Conduritols: Synthesis strategies from classic to contemporary

Abstract

Conduritols, cyclic polyols with diverse biological activities, have garnered significant attention since their discovery over a century ago. These compounds, comprising six isomers (A, B, C, D, E, and F), possess unique structural and stereochemical properties, with only A and F naturally occurring. Conduritols and their derivatives serve as essential precursors for biologically significant molecules, including cyclitols, pseudo-sugars, and phosphorylated inositols. Their applications span a wide range of biological processes, such as glycosidase inhibition, insulin modulation, and signal transduction, making them promising candidates for therapeutic interventions in diabetes, cancer, and HIV/AIDS.

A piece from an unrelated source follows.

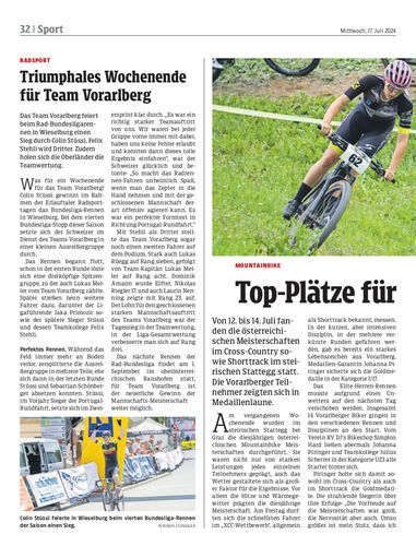 Von 12. bis 14. Juli fanden die österreichischen Meisterschaften im Cross-Country sowie Shorttrack im steirischen Stattegg statt. Die Vorarlberger Teilnehmer zeigten sich in Medaillenlaune.
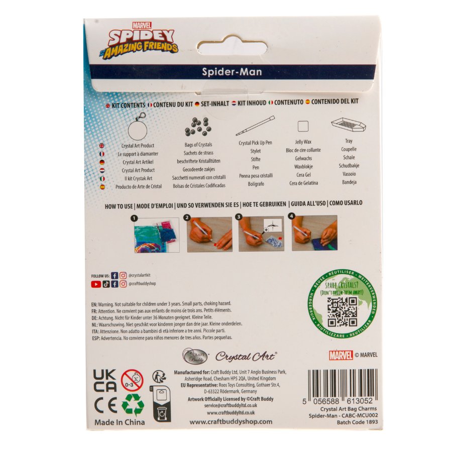 Getting your school bag or satchel to stand out with individual style is a tangled web indeed! Let our favourite MARVEL Superhero (and Craft Buddy) come to your rescue, with the super-cool 'Spiderman' MARVEL Crystal Art® Bag Charm. Take 'Spidey' on all your adventures by clipping this sparkling charm featuring the iconic red face mask, and you'll never lose your bag amongst others again. With an easy-to-clip keyring fastening, it will brighten your day on any satchel, rucksack, holdall or even your keys.

Synthetic advancements have enabled the preparation of all conduritol isomers, employing innovative approaches like aromatic diol transformations and stereocontrolled reactions. These methods have unlocked efficient pathways to biologically potent compounds, including pancratistatin, narciclasine, and aminoglycosidic antibiotics. This review provides an overview of the historical progress, synthetic methodologies, and biological significance of conduritols. Recent innovations in stereospecific synthesis are highlighted, showcasing the potential for large-scale production of optically pure conduritols to meet growing biomedical demands. This study aims to highlight advancements in conduritol synthesis, focusing on evolving methodologies and stereoselectivity challenges.